## Collected data
* * *

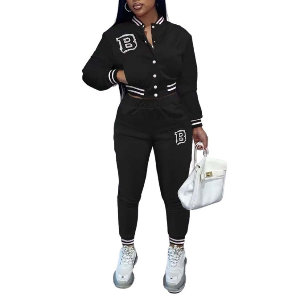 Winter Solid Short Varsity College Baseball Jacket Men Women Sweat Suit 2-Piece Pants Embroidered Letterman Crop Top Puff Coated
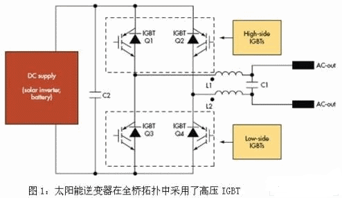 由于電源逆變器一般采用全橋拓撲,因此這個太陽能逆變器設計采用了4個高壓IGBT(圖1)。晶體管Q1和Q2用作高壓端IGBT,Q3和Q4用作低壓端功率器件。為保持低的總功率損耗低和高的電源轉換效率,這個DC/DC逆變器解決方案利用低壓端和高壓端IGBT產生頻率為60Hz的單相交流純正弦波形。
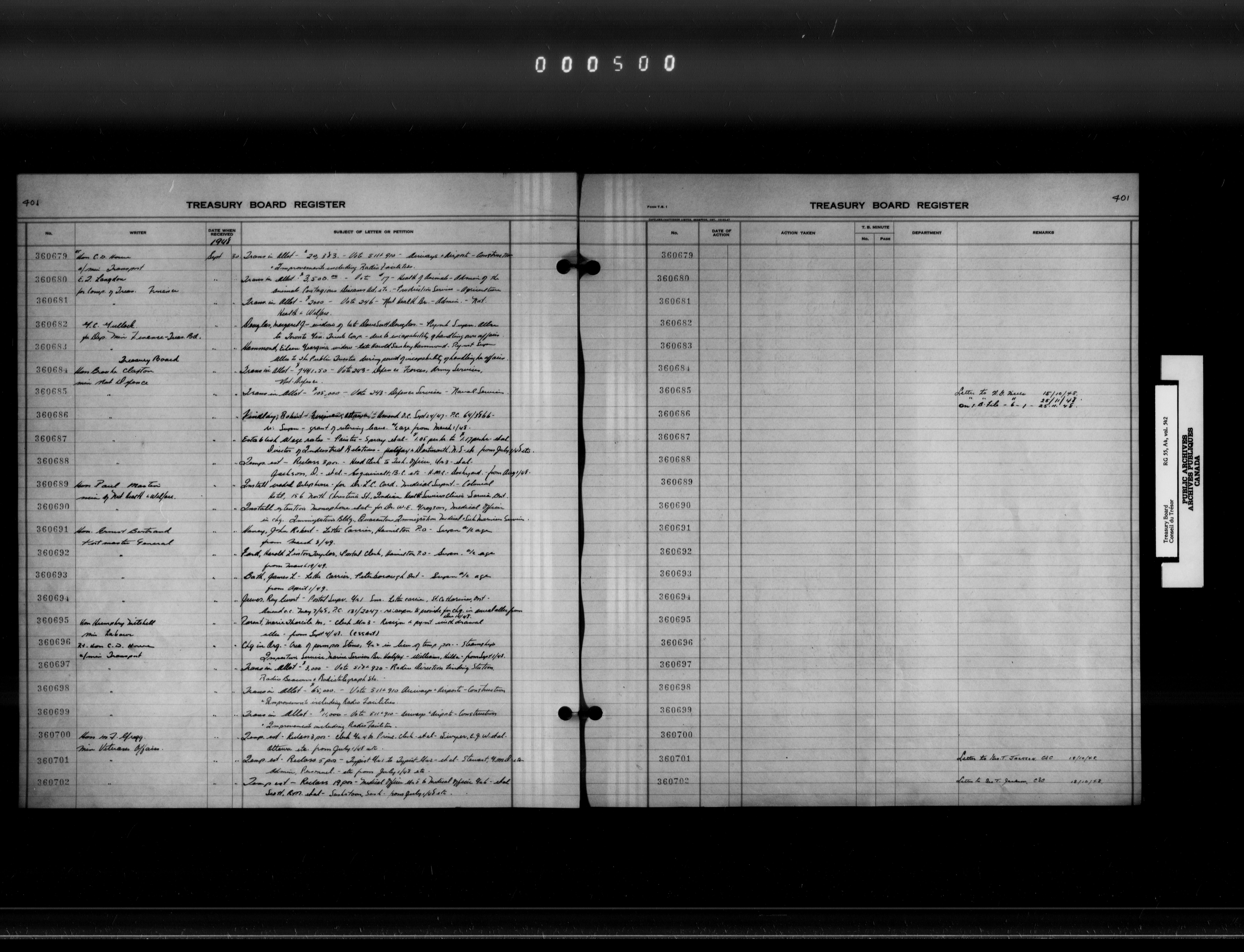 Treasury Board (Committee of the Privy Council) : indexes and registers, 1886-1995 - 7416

* * *

## Directions for this task
Print the data once more without any change, skipping each picture.

## Written response
 Winter Solid Short Varsity College Baseball Jacket Men Women Sweat Suit 2-Piece Pants Embroidered Letterman Crop Top Puff Coated
 由于電源逆變器一般采用全橋拓撲,因此這個太陽能逆變器設計采用了4個高壓IGBT(圖1)。晶體管Q1和Q2用作高壓端IGBT,Q3和Q4用作低壓端功率器件。為保持低的總功率損耗低和高的電源轉換效率,這個DC/DC逆變器解決方案利用低壓端和高壓端IGBT產生頻率為60Hz的單相交流純正弦波形。
 Treasury Board (Committee of the Privy Council) : indexes and registers, 1886-1995 - 7416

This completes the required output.